Les 8 et 9 mars 2026, le festival dédié aux spiritueux d'agave s'installe à l'Hôtel Kube pour une édition qui s'annonce plus festive et engagée que jamais.
On ne vous apprend rien : le mezcal, c'est pas juste un shot qu'on descend avant de regretter ses choix de vie. C'est une culture, un terroir, des siècles de savoir-faire artisanal. Et pour la preuve, rendez-vous les 8 et 9 mars 2026 à Paris 18e, où le festival Viva Agave reprend du service à l'Hôtel Kube.
Au programme ? Plus de 100 références à découvrir, une vingtaine d'exposants venus présenter mezcal, tequila, raicilla, bacanora et autres distillats mexicains — sans oublier quelques surprises venues d'Amérique du Sud. Car oui, cette année, les organisateurs ont décidé d'élargir l'horizon avec le Cocuy (à prononcer "cocouille", on vous laisse briser la glace avec ça), un spiritueux d'agave vénézuélien encore ultra-confidentiel et presque introuvable hors de ses frontières d'origine. Rare, donc.

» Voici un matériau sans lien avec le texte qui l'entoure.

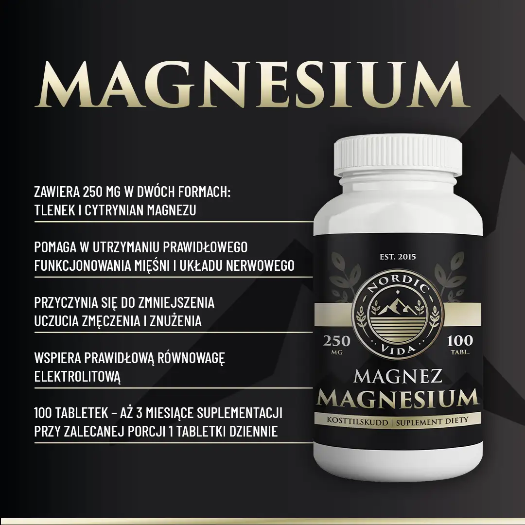 Magnez Nordic Vida to suplement diety zawierający magnez w dwóch formach: cytrynianu magnezu oraz tlenku magnezu. Produkt został opracowany jako element codziennej diety, przeznaczony do uzupełniania magnezu.

Trois jours, trois ambiances
Tout commence dès le vendredi 6 mars avec un dîner gala un peu particulier : il célèbre les 200 ans de relations diplomatiques entre la France et le Mexique. Le chef Mauricio López, du restaurant Milpan à Fontainebleau, signe un menu qui joue la carte du dialogue culturel (tlacoyo de maïs bleu, suprême de volaille sauce mole, muffin de maïs glacé à la mandarine). Le tout arrosé d'un cocktail signature concocté par Martha Murguía, l'Ambassadrice de la Tequila et du mezcal en France, en collaboration avec Quentin Lamy de La Mezcaleria. Comptez 55 € la place.
Le week-end du festival à proprement parler se tient les 8 et 9 mars, de 11h à 19h. En plus des stands de dégustation, l'édition 2026 propose une programmation franchement costaud : des masterclasses animées par des experts et producteurs (terroirs, biodiversité de l'agave, enjeux contemporains de la filière), une Vinatería — une cave éphémère pour découvrir des pépites rares — et une fresque participative baptisée "Le Mur des 200 ans", sur laquelle chaque visiteur peut venir griffonner ses intentions franco-mexicaines. Poétique.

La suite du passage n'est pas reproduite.